The expected response is the complete listing below, restated exactly, with its pictures omitted.

::: Exercise data

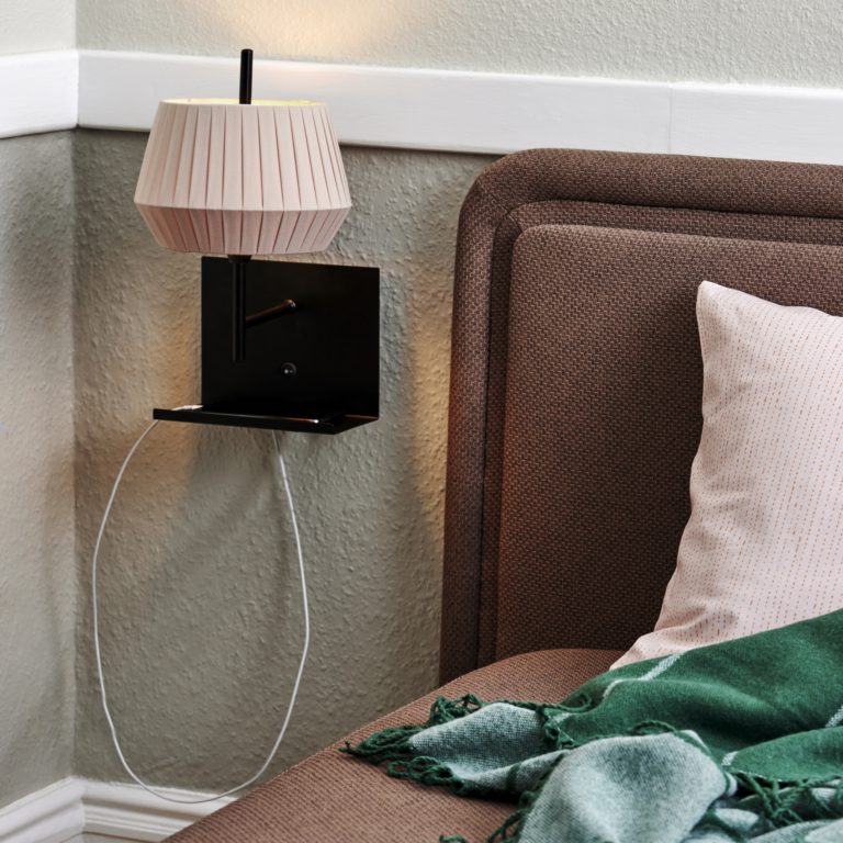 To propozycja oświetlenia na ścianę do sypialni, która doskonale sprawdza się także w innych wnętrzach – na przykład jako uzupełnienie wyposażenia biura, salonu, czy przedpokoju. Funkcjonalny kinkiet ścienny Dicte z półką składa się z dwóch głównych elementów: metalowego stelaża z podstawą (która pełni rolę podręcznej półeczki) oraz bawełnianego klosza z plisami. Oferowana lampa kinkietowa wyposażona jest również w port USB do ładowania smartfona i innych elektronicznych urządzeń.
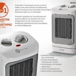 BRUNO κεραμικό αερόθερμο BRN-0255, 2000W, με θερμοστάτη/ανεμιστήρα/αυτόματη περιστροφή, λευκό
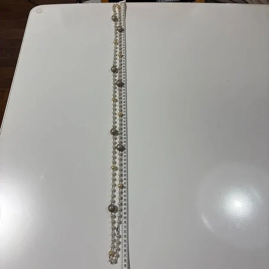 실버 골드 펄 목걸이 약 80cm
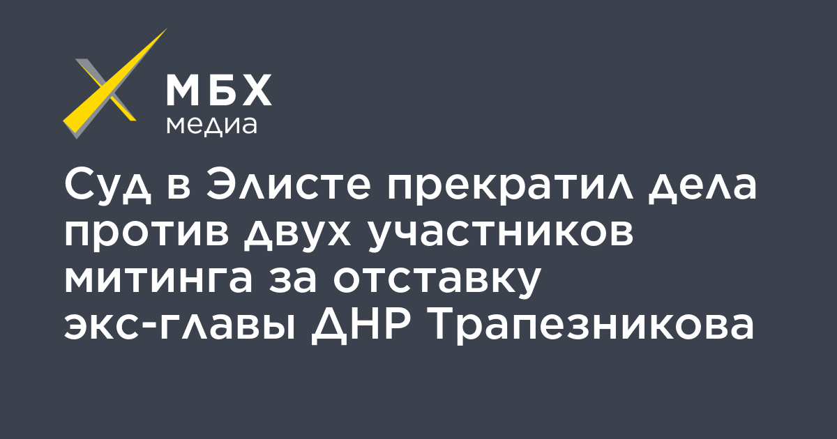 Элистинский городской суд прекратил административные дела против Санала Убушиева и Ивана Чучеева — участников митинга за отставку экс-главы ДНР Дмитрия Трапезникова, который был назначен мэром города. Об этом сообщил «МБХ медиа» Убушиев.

::::::

→ **Result of this task**:
 To propozycja oświetlenia na ścianę do sypialni, która doskonale sprawdza się także w innych wnętrzach – na przykład jako uzupełnienie wyposażenia biura, salonu, czy przedpokoju. Funkcjonalny kinkiet ścienny Dicte z półką składa się z dwóch głównych elementów: metalowego stelaża z podstawą (która pełni rolę podręcznej półeczki) oraz bawełnianego klosza z plisami. Oferowana lampa kinkietowa wyposażona jest również w port USB do ładowania smartfona i innych elektronicznych urządzeń.
 BRUNO κεραμικό αερόθερμο BRN-0255, 2000W, με θερμοστάτη/ανεμιστήρα/αυτόματη περιστροφή, λευκό
 실버 골드 펄 목걸이 약 80cm
 Элистинский городской суд прекратил административные дела против Санала Убушиева и Ивана Чучеева — участников митинга за отставку экс-главы ДНР Дмитрия Трапезникова, который был назначен мэром города. Об этом сообщил «МБХ медиа» Убушиев.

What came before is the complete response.